Anders ginge es auch nicht. Denn Einstimmigkeit hieße Totenstarre. Schließlich sind "Unionsmitglieder" wie Syrien bisher nicht einmal bereit, mit dem "Unionsmitglied" Israel direkt zu sprechen. Marokko und Algerien haben wegen des Streits um die Westsahara ihre gemeinsame Grenze geschlossen. Und im geteilten Zypern, auf dem Golan und im Libanon müssen UN-Truppen für Frieden sorgen.
Menschenrechte als Ergebnis statt Voraussetzung
Einige Konflikte der Mittelmeeranrainer sind religiös überlagert und damit rational schwer zu lösen. Die konkreten Projekte der Mittelmeerunion sollen helfen, einen "Kampf der Kulturen" im Mittelmeerraum zu vermeiden - so wie einst Bundeskanzler Willy Brandt mit dem "Wandel durch Annäherung" die Ost-West-Konfrontation überwinden wollte. Sarkozy nennt das "eine Politik der Zivilisation". Die Forderung nach Wahrung der Menschenrechte in Libyen und anderswo steht dahinter zurück. Die Menschenrechte könnten nur ein Ergebnis und keine Voraussetzung für die Zusammenarbeit sein, erklärt die französische EU-Ratspräsidentschaft.
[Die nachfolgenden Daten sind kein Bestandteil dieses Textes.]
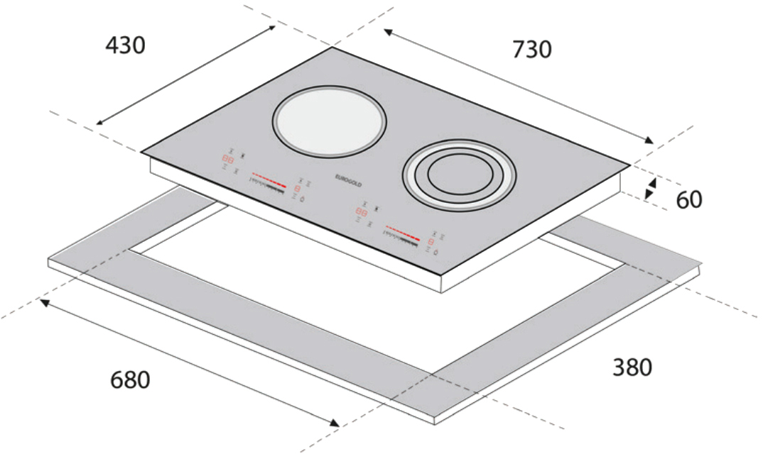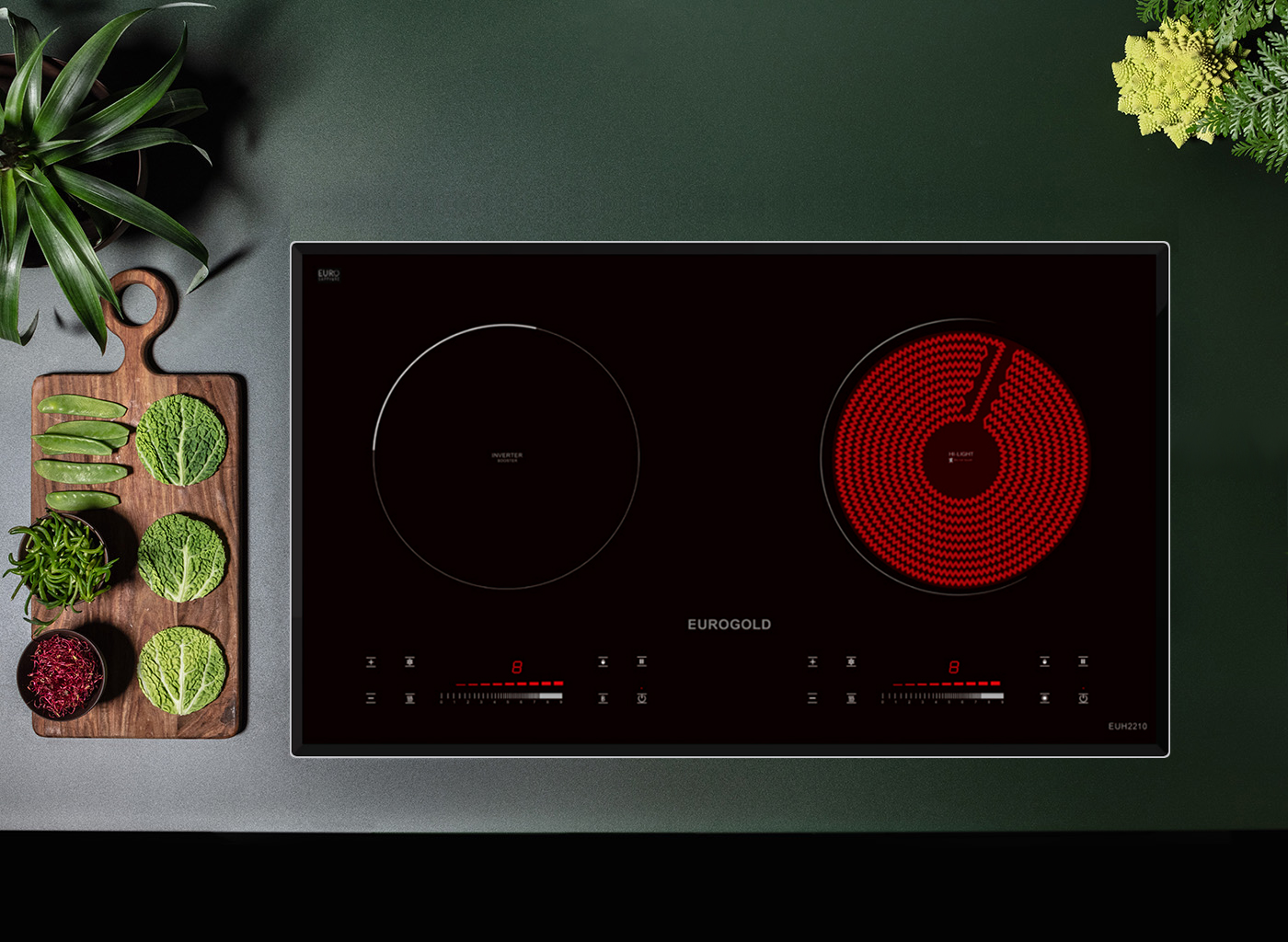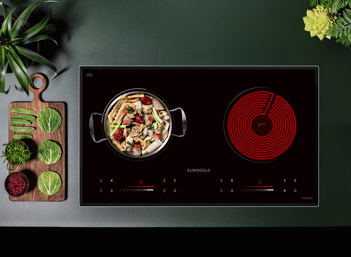 Bếp điện từ Eurogold EUH2210 gồm 2 vùng nấu với tổng công suất 3700W. Vùng nấu từ trái có công suất 2300W khi kích hoạt tính năng nấu nhanh Booster công suất lên tới 3000W. Vùng nấu hồng ngoại sử dụng mâm nhiệt Hi-light với 02 vòng nhiệt có công suất 2300W.

Projekte von gemeinsamem Interesse gibt es zuhauf. Das reicht vom Schutz des Mittelmeeres über die Wasser- und Energieversorgung bis zur gegenseitigen Hilfe bei Waldbränden und zum Bau von Bahn- und Straßenverbindungen. Diverse Projekte sind mit Mitteln Brüssels und der Europäischen Investitionsbank schon angelaufen und könnten einfach einen neuen Stempel bekommen. Nicht uneigennützig hat Frankreich zudem seine Großkonzerne von Areva (Atomkraft) über Bouygues (Bau) und Veolia (Wasser, Müll) bis zu Alstom (Bahntechnik, Energieanlagen) in einer "Mittelmeerstiftung" Projekte erarbeiten lassen. Deutschland hat durchgesetzt, dass neben der Kernkraft auch die Sonnenenergie gefördert werden soll.